My 2nd son worked at place that had a no personally owned cells on the work floor. Time and again new hires were fired for violating that even though coworkers warned them not to violate that policy.

Sad state of affairs. My wife works in a convenience store. She had a young lady stop, in near panic, looking for a charger. Her charger had died and she was on her way to the twin cities. She was shocked when my wife told her it was no big deal, that people had traveled the whole country for years without cell phones or GPS. The wife, laughing as she told the story, said that girl acted like we older people were real pioneers traveling all over the place without a cell phone. It's sad that we have become so dependent on a communications device that we no longer know how to interact with real people face to face.

Rick
 

OMB

Active Member
What really gets me POed is when people don't return calls. When I boil over it sounds something like "You mean to tell me in this age of cellphones, texts, email, etc. you couldn't contact me?".

Another issue is the autodailers, I read a while back that banging on the # sign does something to tell the program "don't use this number again"... whether it works, I don't know but it feels good I can do somethingabout those damn calls.

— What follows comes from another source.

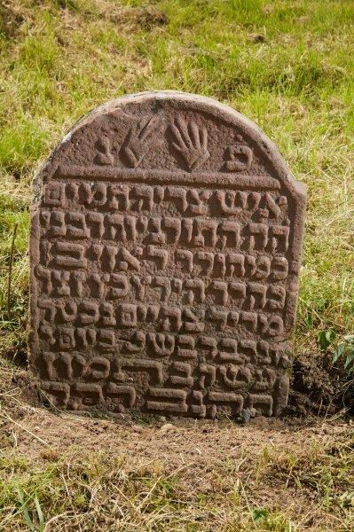 Rechteckige Stele mit angedeutetem Karniesbogenabschluss, das vertiefte Schriftfeld durch schmale horizontale Rahmenleiste unter der ersten Zeile zweigeteilt. Schrift erhaben. Zwischen dem פ und dem נ der Einleitungsformel segnende Hände.

I rarely text, I can talk faster than keying, however, worked for a GC that that kinda required texting ( he claimed he averaged over 100/day), I didn't like it but dealt with it, saved all of them and at the end of the job he tripped over himself contradicting instructions he had texted through the job.

When you look at the big picture I don't think we are any more productive than we were before the wireless revolution, comments such as oldtanker are the norm, the idle chatting and focus on our devices is taking away from what we are really supposed to be doing.